Write out again, exactly as they appear, the lines from the start of the data below through the line with "호출 토큰 에러 발생"; no pictures.

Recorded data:
────────────────

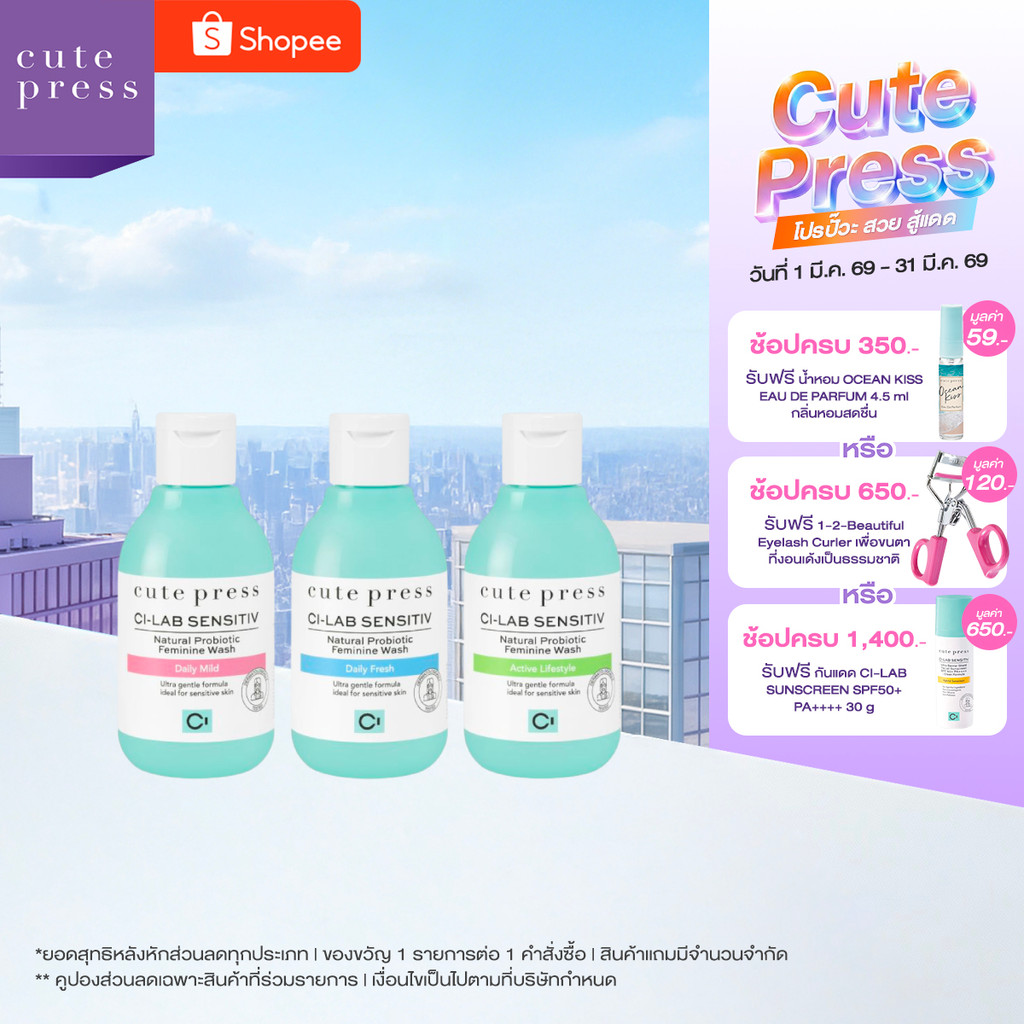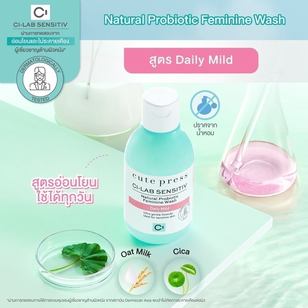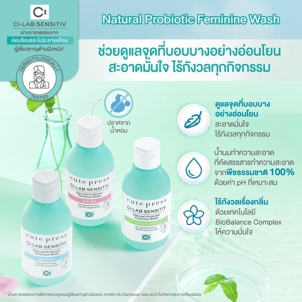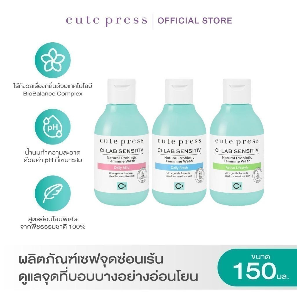 CUTE PRESS CI-LAB SENSITIV NATURAL PROBIOTIC FEMININE WASH 150 ml (ผลิตภัณฑ์ทำความสะอาดจุดซ่อนเร้น สูตรอ่อนโยน)
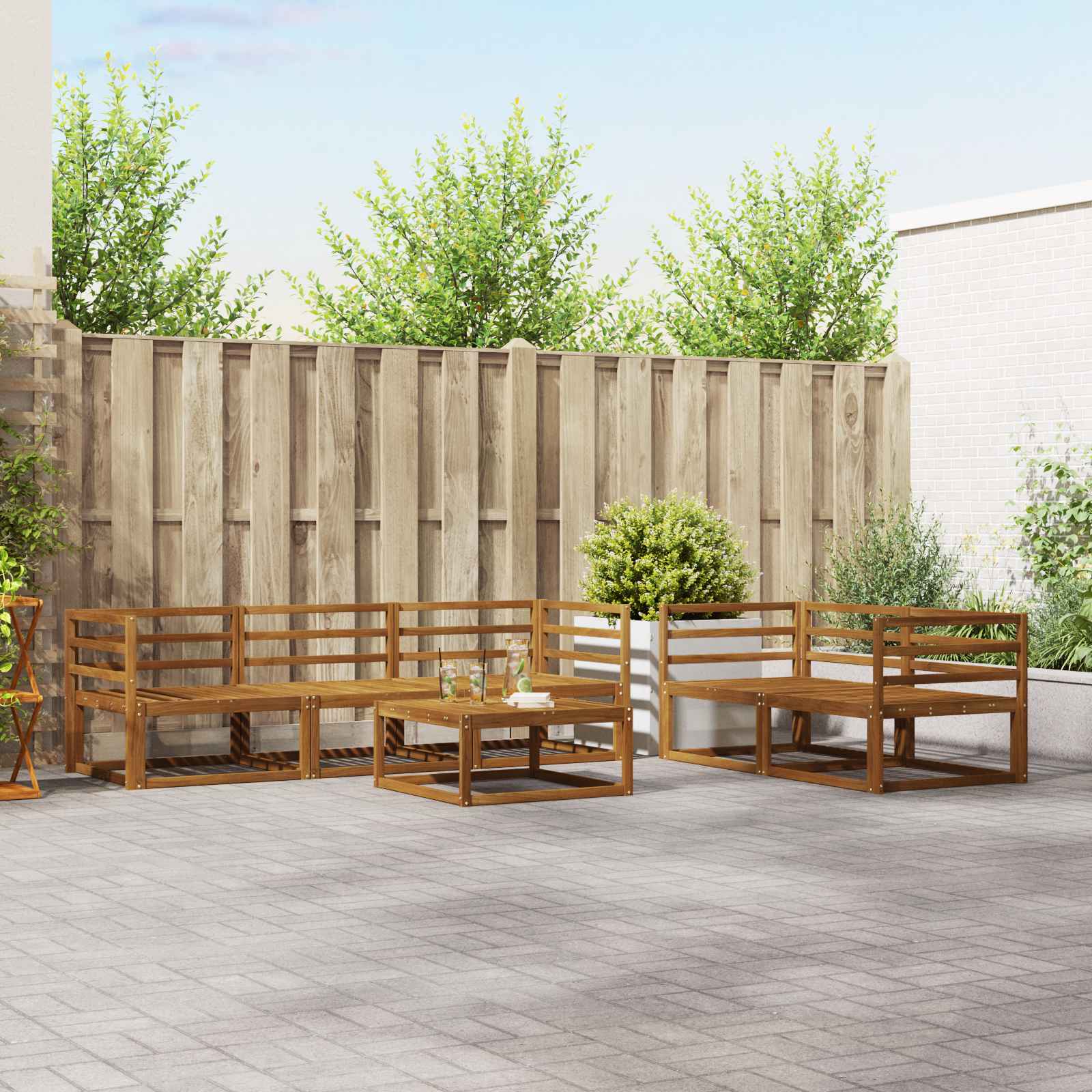 • Täysi akaasiapuu: Laadukkaasta akaasiapuusta valmistettu sohvasarja tuo esiin luonnollista kauneutta ja kestävyyttä. Tunnettu kestävyydestään ja kauniista puukuosistaan, akaasiapuu kestää sään vaikutuksia ja päivittäistä kulutusta, varmistaen pitkän käyttöiän ja kauniin ulkonäön ulkona. Puun luonnollinen kiilto lisää eleganssia ja vaatii vain vähän huoltoa, joten se on täydellinen valinta tyylin arvostajille.
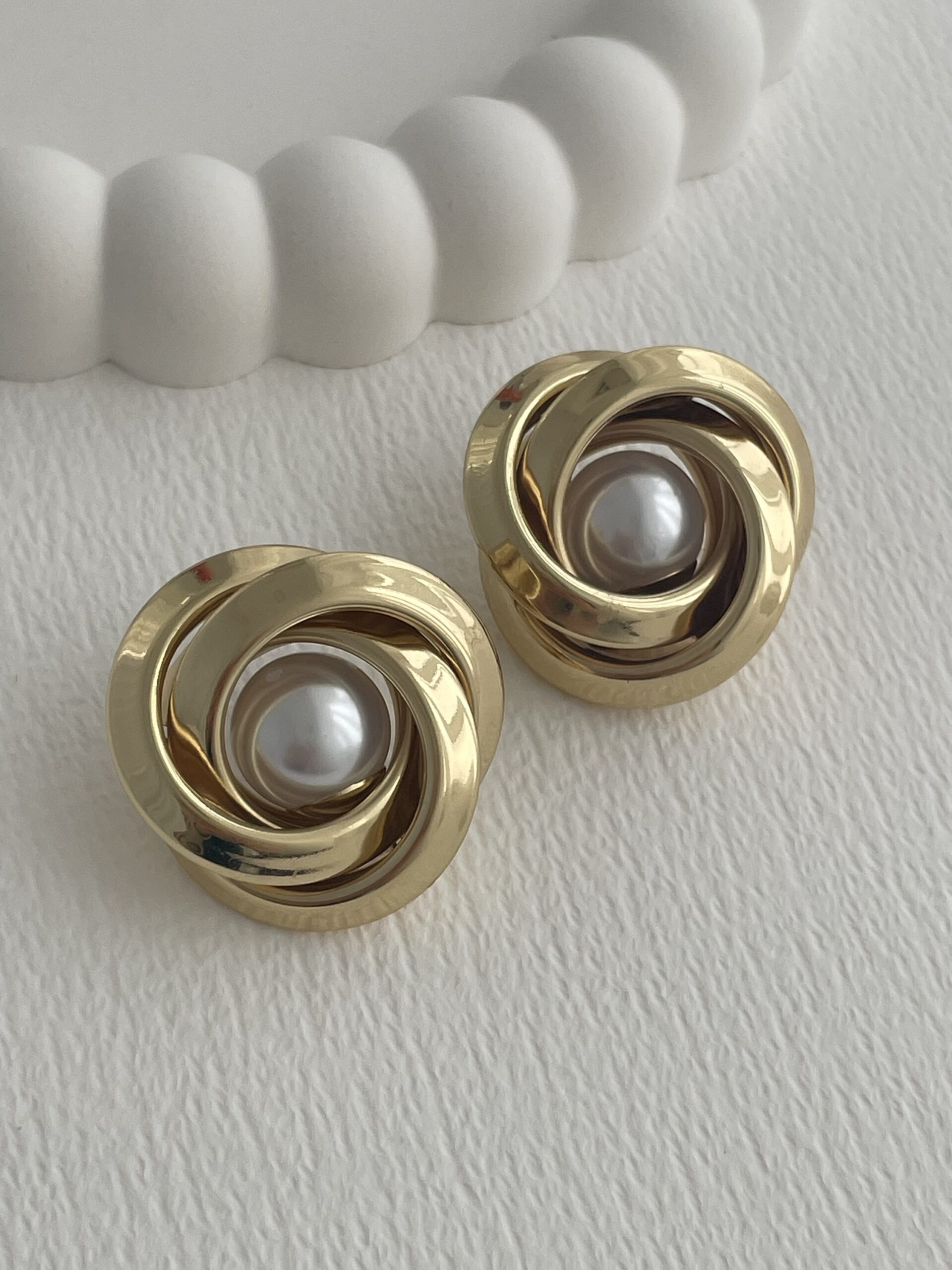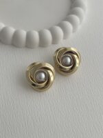 Özel Seri İnci Detay Gül Tasarım Gold Küpe
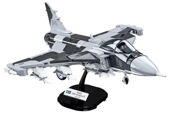 JAS 39 Gripen E je nejmodernější vývojová verze populárních švédských víceúčelových stíhaček, vyráběných leteckou společností SAAB. Název letounu Gripen znamená gryf a zdůrazňuje víceúčelovost letounu. Zkratka JAS vznikla ze švédských slov: Jakt - lov, Attack - přepadení, Spaning - průzkum. Gripen je vysoce výkonný, víceúčelový stroj, který je schopen plnit všechny tyto úkoly. Konfigurace kachny a křídla v konfiguraci delta umožňují vyvinout vysoké rychlosti. Verze „E“ je vyvíjena pro potřeby švédského a brazilského letectva. Letadlo se mírně prodloužilo, zvětšilo se i rozpětí křídel a hmotnost. Konstruktéři informují o revolučních změnách v avionice, nárůstu výkonu motoru o 22 procent a doletu prodlouženém na 4075 km. Modernizován byl i pilotní kokpit. JAS-39 Gripen E je stíhačka nabitá nejmodernějšími technologiemi. Pilot chráněný elektronickými senzory a systémy umělé inteligence se může soustředit na misi. Model je v měřítku 1:48 a sestavený měří 31,5 x 20 x 10 cm. Balení obsahuje 480 kostek stavebnice.
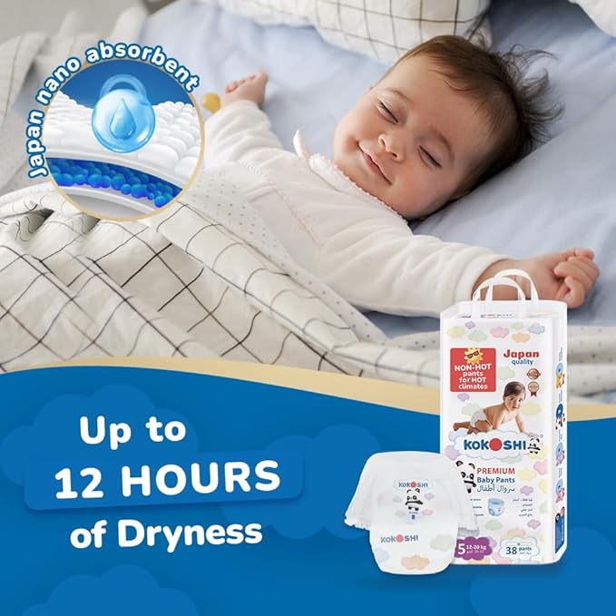 Keep your little one comfortable and dry with KOKOSHI Baby Diapers, designed for babies weighing 12-20kg. These diapers offer reliable absorbency and a soft, gentle fit to protect sensitive skin throughout the day and night. Made to provide hassle-free protection, they help parents enjoy more worry-free moments with their active toddlers.
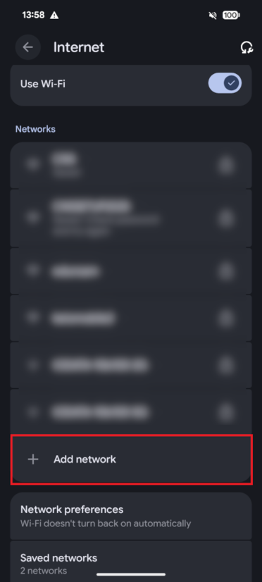 Scroll to the bottom of the [Internet] screen and tap [Add network].
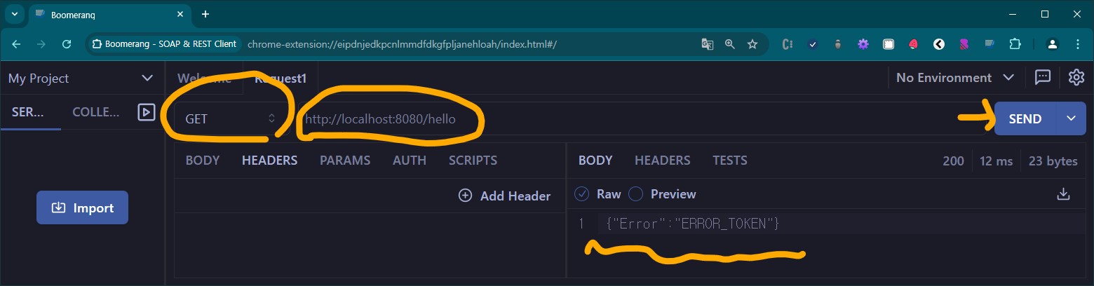 토큰 없이 접속 "/hello" 호출 토큰 에러 발생
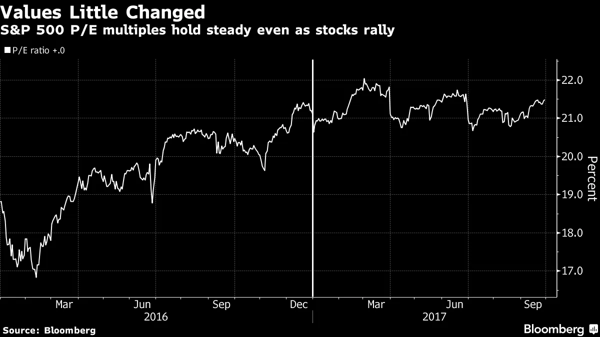 根据FTN金融经济学家Chris Low的说法,下降始于9月8日,当时中国报告的通胀数据高于预期,导致许多人担心所谓的全球再通胀交易即将回归。然后,就在交易员将12月美联储加息的概率降低到微不足道的20%时,中央银行官员开始更加鹰派地发言。接着是哈维和厄玛飓风,这导致汽油价格上涨,将使未来几个月的头条通胀数据保持在高位。最后,本周,特朗普政府发布了更多的减税计划细节,引发了担忧政府将需要出售更多债券以弥补任何收入损失,正当美联储开始减少对到期债券收益的再投资。股票上涨,估值却没有在8月的波动之后,全球股票重新回到正轨,MSCI全球指数有望显示连续第六个季度的增长。自6月底以来,该指数上涨了4.23%,今年上涨了14.9%。一些全球最大的银行表示,股票最终可能会回调——也许——但不会很快。巴克莱刚刚发布了其第四季度展望,并表示没有看到可能会扰乱风险资产估值的合理催化剂。例如,在美国,标准普尔500指数今年上涨了12%,但由于企业利润上升,市盈率保持在约21的水平。高盛表示,考虑到商业扩张的晚期、美国财政刺激预期的上升以及持续强劲的宏观数据,没有理由相信股票和其他风险资产不会继续表现良好,尤其是周期性股票、金融股和小型股。

────────────────

- [Answer]
 CUTE PRESS CI-LAB SENSITIV NATURAL PROBIOTIC FEMININE WASH 150 ml (ผลิตภัณฑ์ทำความสะอาดจุดซ่อนเร้น สูตรอ่อนโยน)
 • Täysi akaasiapuu: Laadukkaasta akaasiapuusta valmistettu sohvasarja tuo esiin luonnollista kauneutta ja kestävyyttä. Tunnettu kestävyydestään ja kauniista puukuosistaan, akaasiapuu kestää sään vaikutuksia ja päivittäistä kulutusta, varmistaen pitkän käyttöiän ja kauniin ulkonäön ulkona. Puun luonnollinen kiilto lisää eleganssia ja vaatii vain vähän huoltoa, joten se on täydellinen valinta tyylin arvostajille.
 Özel Seri İnci Detay Gül Tasarım Gold Küpe
 JAS 39 Gripen E je nejmodernější vývojová verze populárních švédských víceúčelových stíhaček, vyráběných leteckou společností SAAB. Název letounu Gripen znamená gryf a zdůrazňuje víceúčelovost letounu. Zkratka JAS vznikla ze švédských slov: Jakt - lov, Attack - přepadení, Spaning - průzkum. Gripen je vysoce výkonný, víceúčelový stroj, který je schopen plnit všechny tyto úkoly. Konfigurace kachny a křídla v konfiguraci delta umožňují vyvinout vysoké rychlosti. Verze „E“ je vyvíjena pro potřeby švédského a brazilského letectva. Letadlo se mírně prodloužilo, zvětšilo se i rozpětí křídel a hmotnost. Konstruktéři informují o revolučních změnách v avionice, nárůstu výkonu motoru o 22 procent a doletu prodlouženém na 4075 km. Modernizován byl i pilotní kokpit. JAS-39 Gripen E je stíhačka nabitá nejmodernějšími technologiemi. Pilot chráněný elektronickými senzory a systémy umělé inteligence se může soustředit na misi. Model je v měřítku 1:48 a sestavený měří 31,5 x 20 x 10 cm. Balení obsahuje 480 kostek stavebnice.
 Keep your little one comfortable and dry with KOKOSHI Baby Diapers, designed for babies weighing 12-20kg. These diapers offer reliable absorbency and a soft, gentle fit to protect sensitive skin throughout the day and night. Made to provide hassle-free protection, they help parents enjoy more worry-free moments with their active toddlers.
 Scroll to the bottom of the [Internet] screen and tap [Add network].
 토큰 없이 접속 "/hello" 호출 토큰 에러 발생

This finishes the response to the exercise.